In their place, firms are focusing on project-based data assessments. These ask data science candidates to analyze real-world data provided by the company. Rather than having a single correct answer, project-based assessments are often more open-ended, encouraging exploration. Interviewees typically submit code and a write-up of their results. These have a number of advantages, both in terms of form and substance.

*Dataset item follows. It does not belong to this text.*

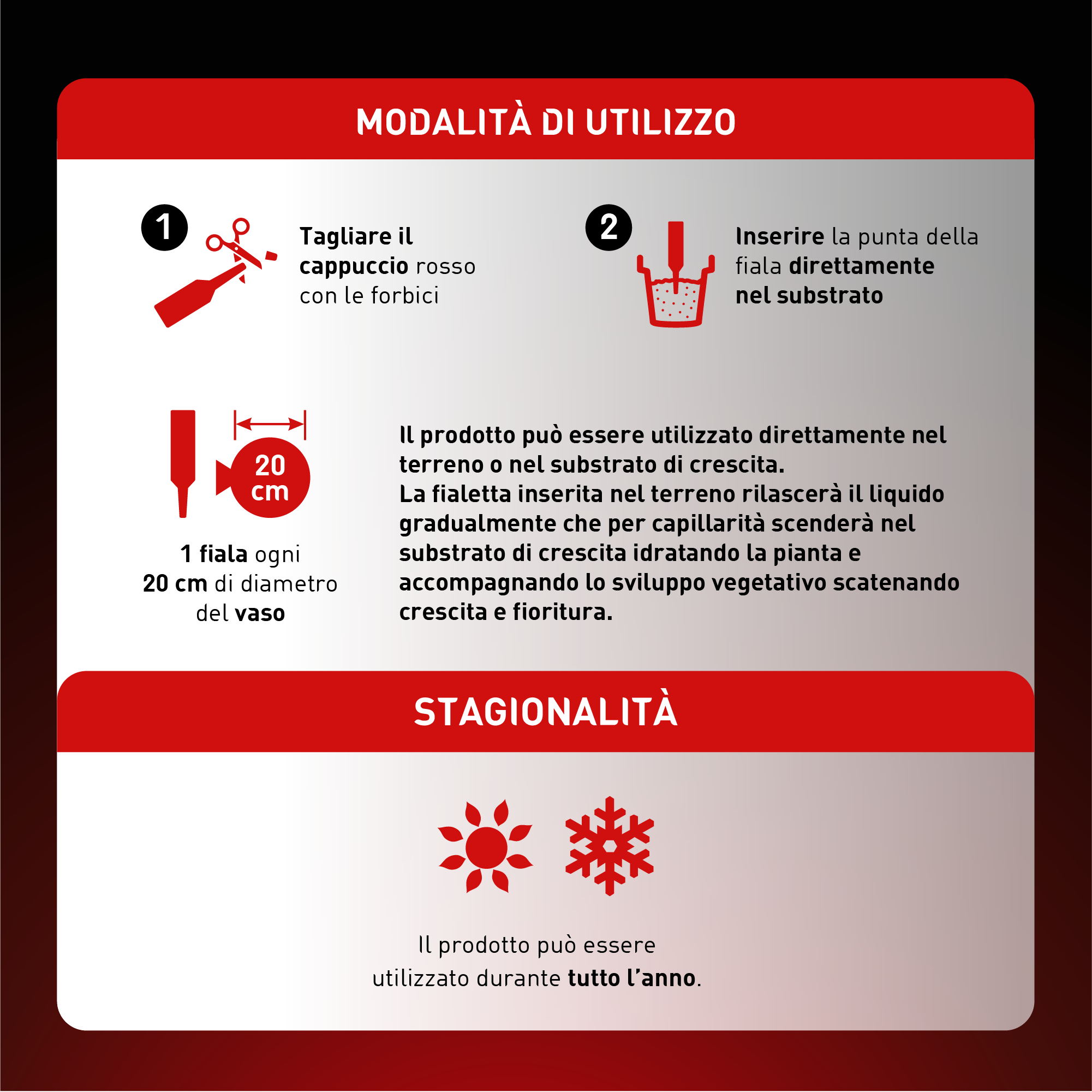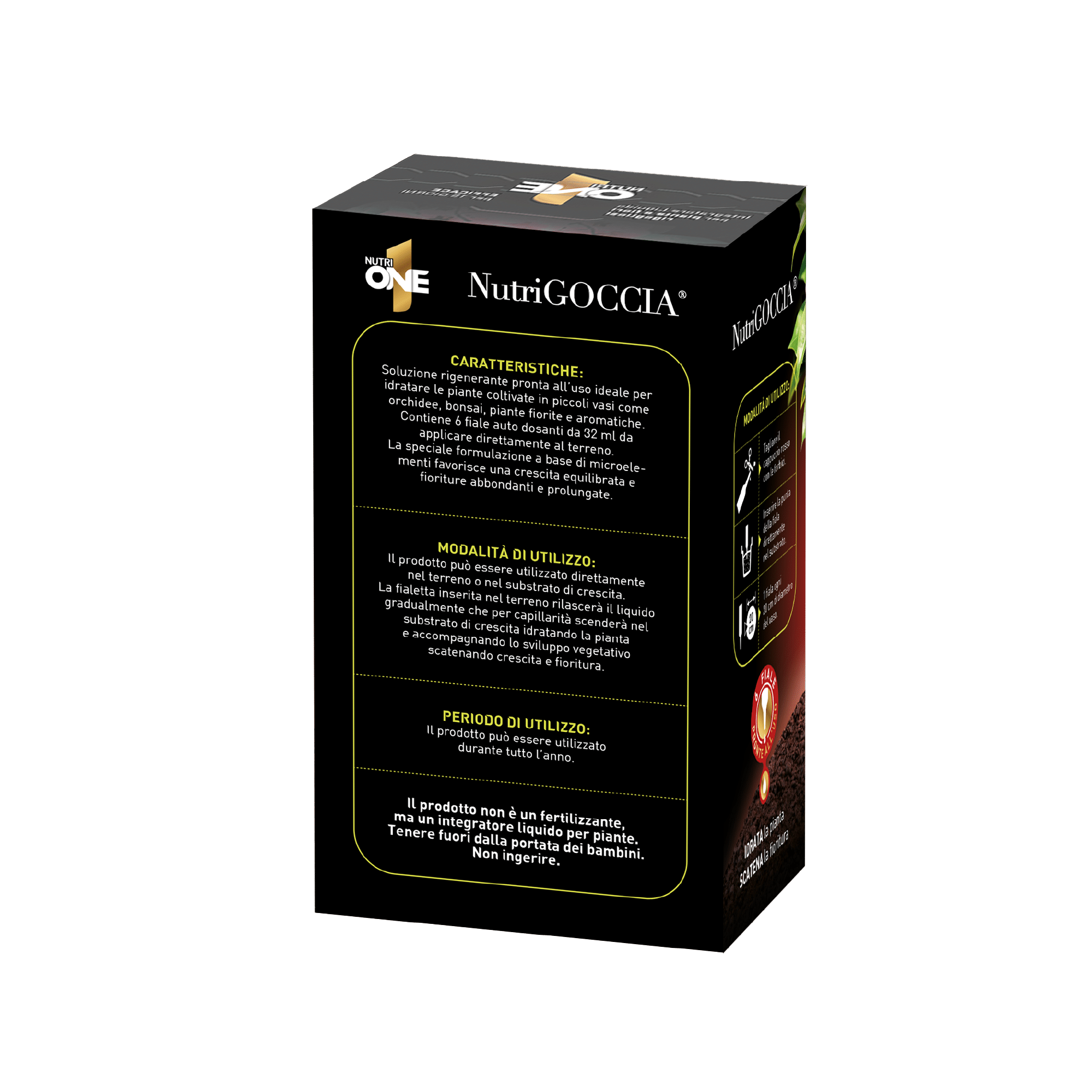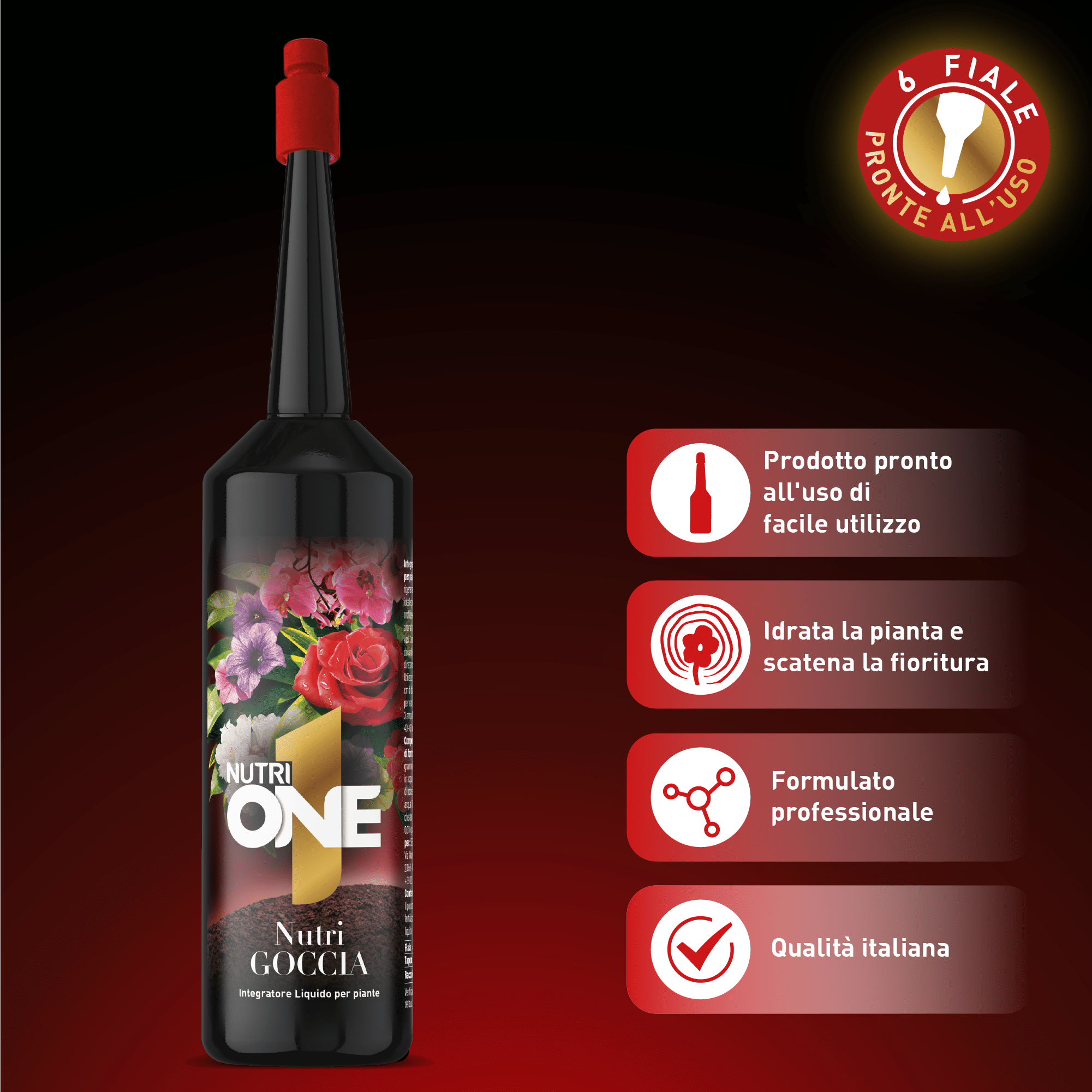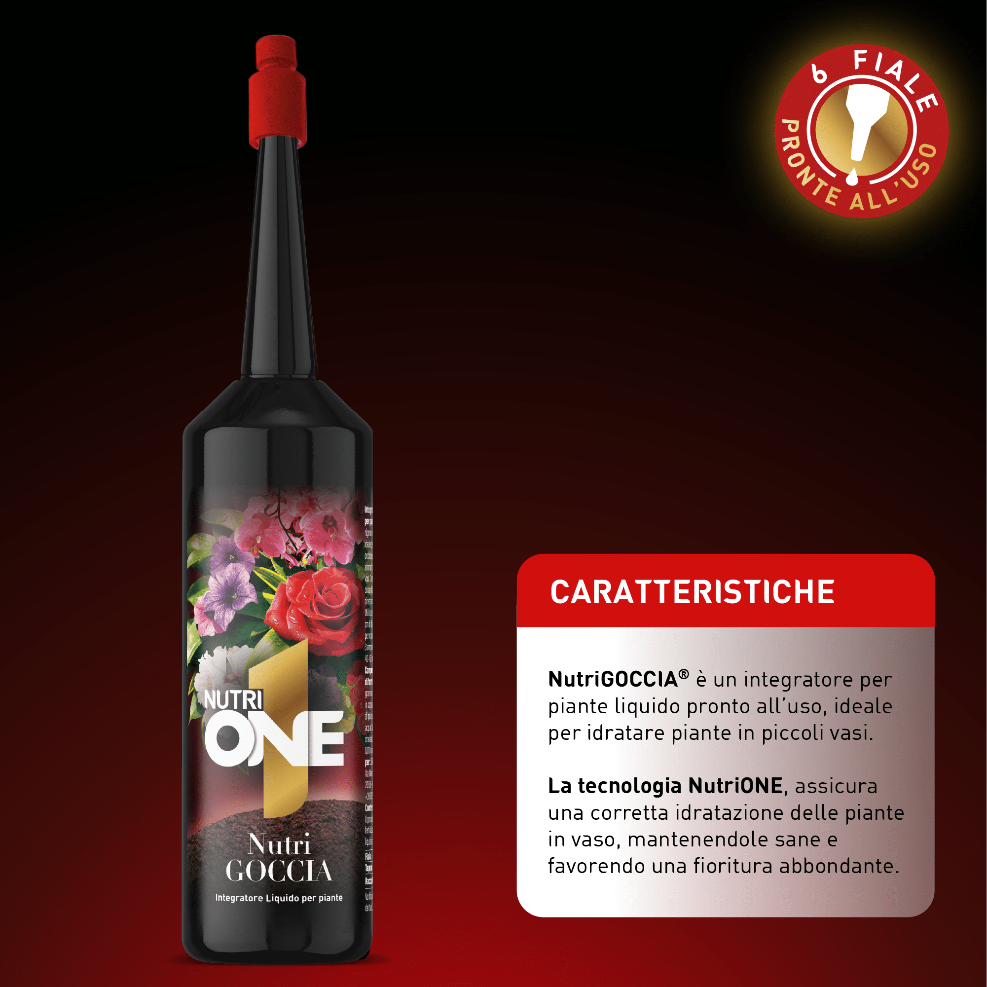 Nutrigoccia è un formulato ricco di sostanze nutritive e idratanti. Sviluppato con tecnologia NutriONE® permette una corretta idratazione della pianta in vaso, mantenendo la pianta sana e scatenando la fioritura.

First, the environment for data assessments is far more realistic. Brain teasers unnecessarily put candidates on the spot or compel them to awkwardly code on a whiteboard. Because answers to brain teasers are readily Google-able, internet resources are off-limits. On the job, it is unlikely that you’ll be asked to code on a whiteboard or perform mental math with someone peering over your shoulder. It is incomprehensible that you’ll be denied internet access during work hours. Data assessments also allow the applicants to complete the assessment at a more realistic pace, using their favorite IDE or coding environment.
“Take-home challenges give you a chance to simulate how the candidate will perform on the job more realistically than with puzzle interview questions,” said Sean Gerrish, an engineering manager and author of “How Smart Machines Think.”

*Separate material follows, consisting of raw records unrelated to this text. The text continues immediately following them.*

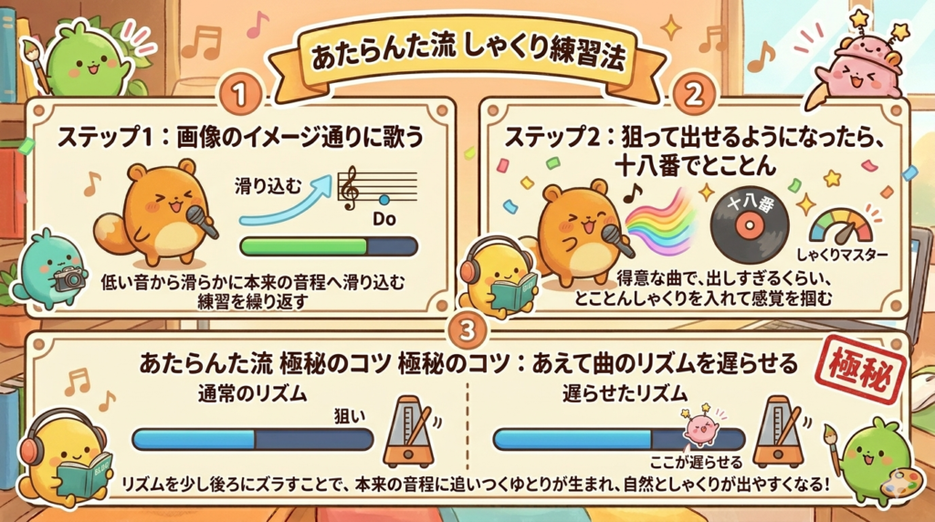 正直、具体的にしゃくりを出すあたらんた流のコツとしてはあえて曲のリズムを遅らせて歌うことです。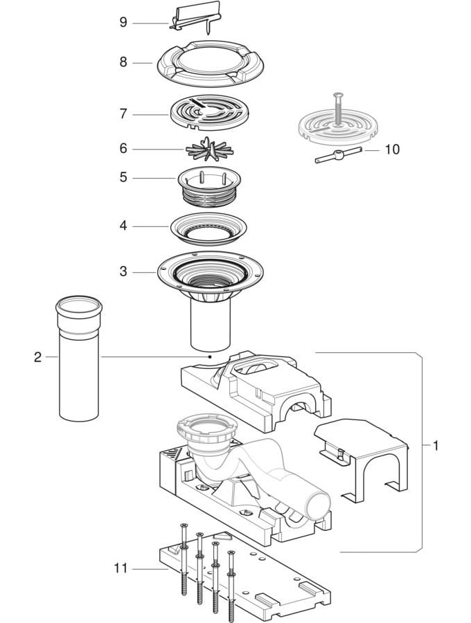 Geberit Rost Square Ø 10 cm, Höhe 0,8 cm, verschraubbar, rund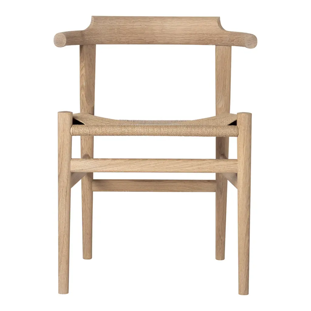Originally this chair was designed by Hans J. Wegner for the DSB (Danish Rail) ferries, however DSB ended up choosing another of Wegner's chairs, PP 208. Subsequently he continued working on the design, and in 1987 PP Møbler started the actual production of the PP68 Chair. With The PP68 Chair, Wegner created comfortable dining chairs suitable for long, cosy evenings around the dining table. As opposed to many of Wegner's more elaborate models, the short armrests have been designed enabling them to, partially, fit under the table, and it can also hang from the table top to make cleaning easier. Each solid wood tenon joint has been tested to withstand one ton of pulling strength. NOTE: This item is made to order by some of the world's best furniture craftsmen using materials that are required to meet PP Mobler's exacting specifications. As such, lead times can vary and are subject to change.

Second, the substance of data assessments is also more realistic. By design, brainteasers are tricky or test knowledge of well-known algorithms. In real life, one would never write these algorithms by hand (you would use one of the dozens of solutions freely available on the internet) and the problems encountered on the job are rarely tricky in the same way. By giving candidates real data they might work with and structuring the deliverable in line with how results are actually shared at the company, data projects are more closely aligned with actual job skills.
Jesse Anderson, an industry veteran and author of “Data Teams,” is a big fan of data assessments: “It’s a mutually beneficial setup. Interviewees are given a fighting chance that mimics the real-world. Managers get closer to an on-the-job look at a candidate’s work and abilities.” Project-based assessments have the added benefit of assessing written communication strength, an increasingly important skill in the work-from-home world of COVID-19.
Finally, written technical project work can help avoid bias by de-emphasizing traditional but prejudicially fraught aspects of the hiring process. Resumes with Hispanic and African American names receive fewer callbacks than the same resume with white names. In response, minority candidates deliberately “whiten” their resumes to compensate. In-person interviews often rely on similarly problematic gut feel. By emphasizing an assessment closely tied to job performance, interviewers can focus their energies on actual qualifications, rather than relying on potentially biased “instincts.” Companies looking to embrace #BLM and #MeToo beyond hashtagging may consider how tweaking their hiring processes can lead to greater equality.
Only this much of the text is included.